Text+ User Story

Full-text digitization with OCR

Jan Horstmann (Forschungsverbund Marbach Weimar Wolfenbüttel)

DFG subject areas: 104 Linguistics, 105 Literary Studies

Text+ data domain: Collections

Motivation

Collection-managing institutions such as libraries and archives preserve text documents that are of great importance for the study of literary works and constellations (DFG subject classification: especially literary studies and linguistics). Diaries, correspondence, calendars, but also historical prints of novels or plays regularly take an important position in arguments and interpretations in literary studies as well as in historically oriented linguistic projects. Fully digitized texts are the prerequisite for all kinds of literary or linguistic research questions focussing on the digital analysis or interpretation of single texts or text corpora. The digitization of these text objects (a task that mainly information science is involved with) is progressing at different speeds in the individual institutions that hold the collection (both nationally and internationally). In many cases one stands at the status of image digitization and descriptive or technical metadata generation. As long as a collection is not declared relevant enough for a digital edition, the actual primary text data cannot be read by machines.
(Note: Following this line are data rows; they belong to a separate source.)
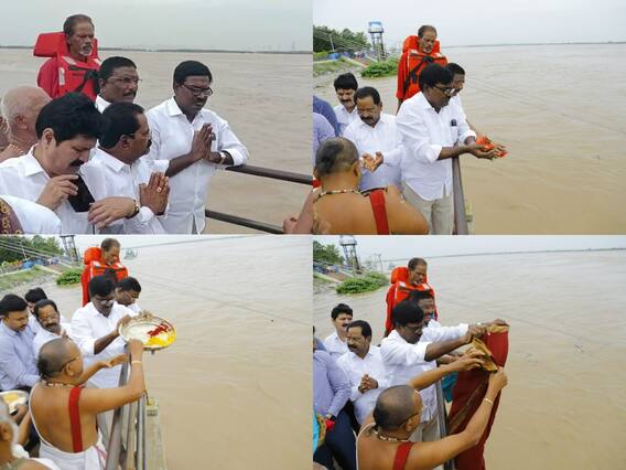 Godavari Floods: భద్రాద్రి కొత్తగూడెం జిల్లాలోని భద్రాచలం గోదావరి నది వద్ద వరద ఉధృతిని తెలంగాణ రవాణా శాఖ మంత్రి పువ్వాడ అజయ్ కుమార్ పరిశీలించారు. ఎగువ నుండి గోదావరికి భారీగా వరద నీరు రావడంతో గోదావరి ఉదృతంగా ప్రవహిస్తుందని, రాగల 24గంటల్లో ప్రవాహం తగ్గి నిలకడగా మారుతుందని అన్నారు. ఈ సందర్భంగా మంత్రి పువ్వాడ అజయ్ కుమార్ గోదావరికి ప్రత్యేక పూజలు చేసి, నది హారతినీ ఇచ్చారు. CCLA డైరెక్టర్ రజత్ కుమార్ షైనీ, సింగరేణి CMD శ్రీధర్, జిల్లా కలెక్టర్ అనుదీప్, ఎస్పి వినీత్ తదితరులు ఉన్నారు.
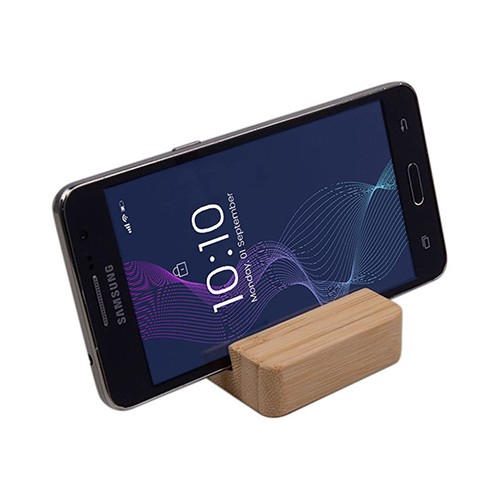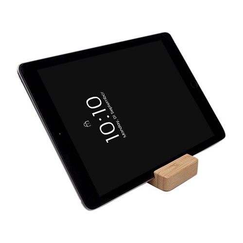 RDT2081903Support pour mobile et tablette en bambou. Un coté pensé pour les portables et l'autre pour les tablettes. Matières : Bois de pin
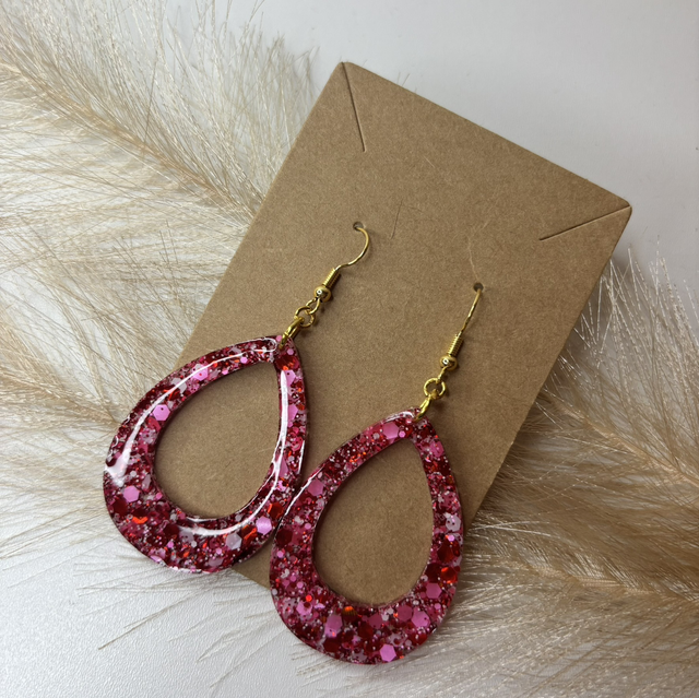 Boucles d’oreilles paillettes rouge et rose
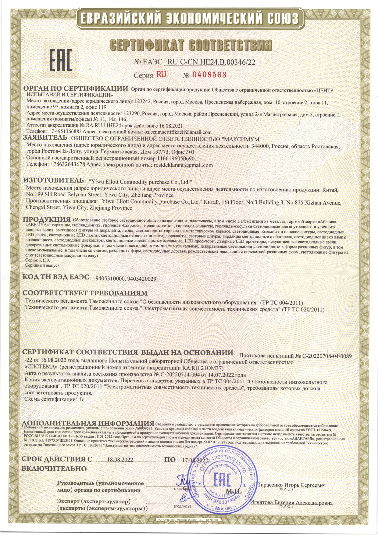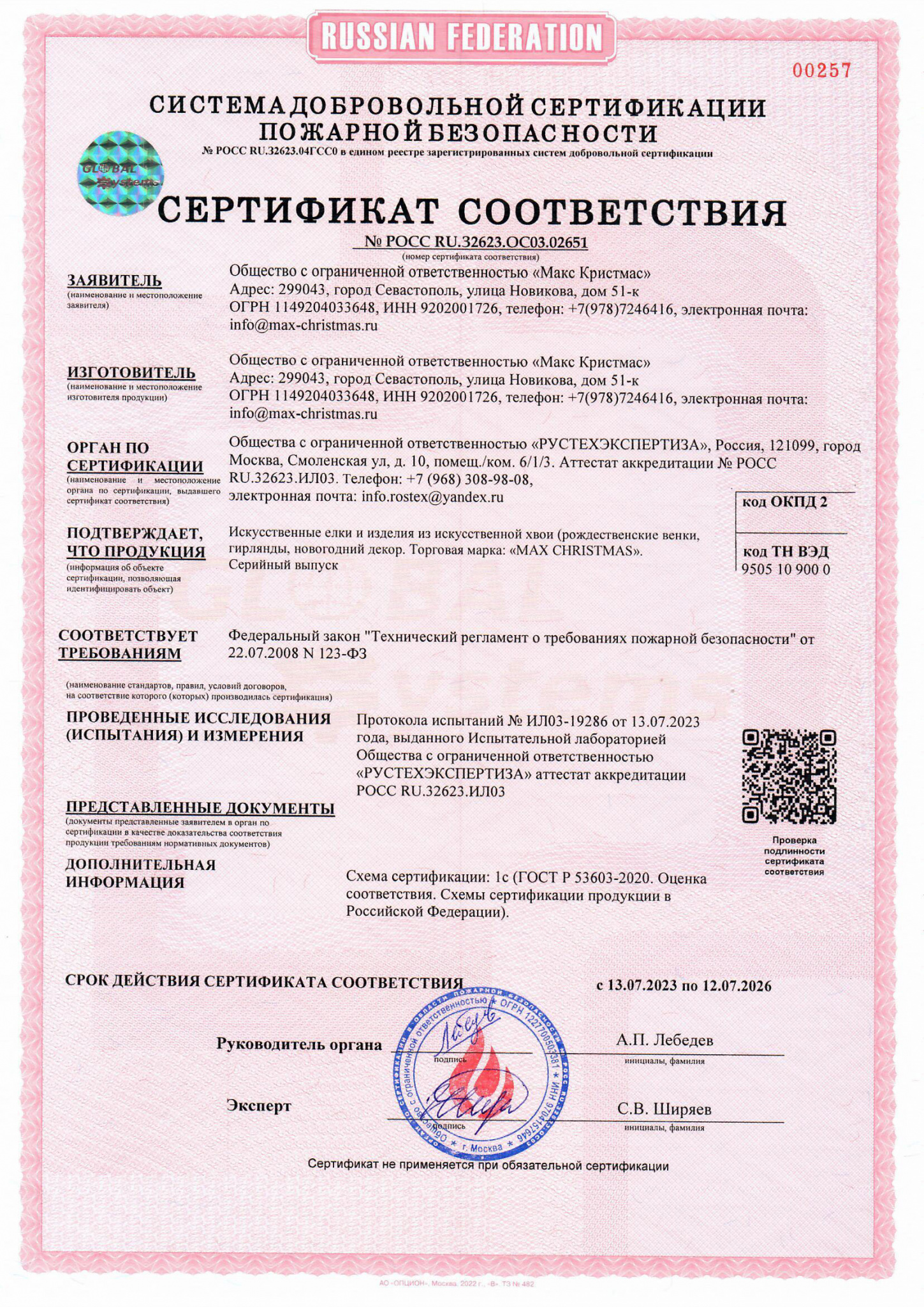 Сертификат по ёлочным шарам:

Full-text digitization addresses this problem so that even large quantities of texts can be made computer-readable – not, of course, with the claim of a scholarly edition, but with the aim of mass data generation. The OCR (optical character recognition) for (historical) prints and the HTR (handwritten text recognition) for handwritten manuscripts with its possibility of model training for specific writings are the approaches of choice here.

Objectives

Problematic in this area are the numerous different approaches and standards used in the field of digitization (data domain: collections). In metadata generation and image digitization as well as in full-text recognition, there are hardly any binding cross-regional specifications regarding data structures, workflows, software intersection and storage processes. The two institutions of the Research Association Marbach Weimar Wolfenbüttel (MWW), the Klassik Stiftung and the Herzog August Bibliothek, have participated and continue to participate in the DFG’s VD projects in which standards of image digitization are applied. This also holds true for the OCR‑D project, which is developing an application for the academically reliable full text digitization of historical prints. MWW has declared its intention to apply for an implementation project to offer OCR‑D as a low-threshold web service. Questions and problems that become relevant in this context are, apart from the general implementability and the design of possible applications, how the automatically generated full text data should be handled afterwards. Open questions in this field that Text+ could help to address are e.g.: according to which schemata should research data be stored and made accessible in a sustainable way? How to deal with situations where the fully digitized texts are still subject to copyright? What about ethical dimensions, for example in cases where personal rights must be taken into account?

Review by community

If the planned OCR‑D implementation project of MWW is approved, Text+ services and developed standards for long-term storage, research data management and data transfer structures can be applied and evaluated.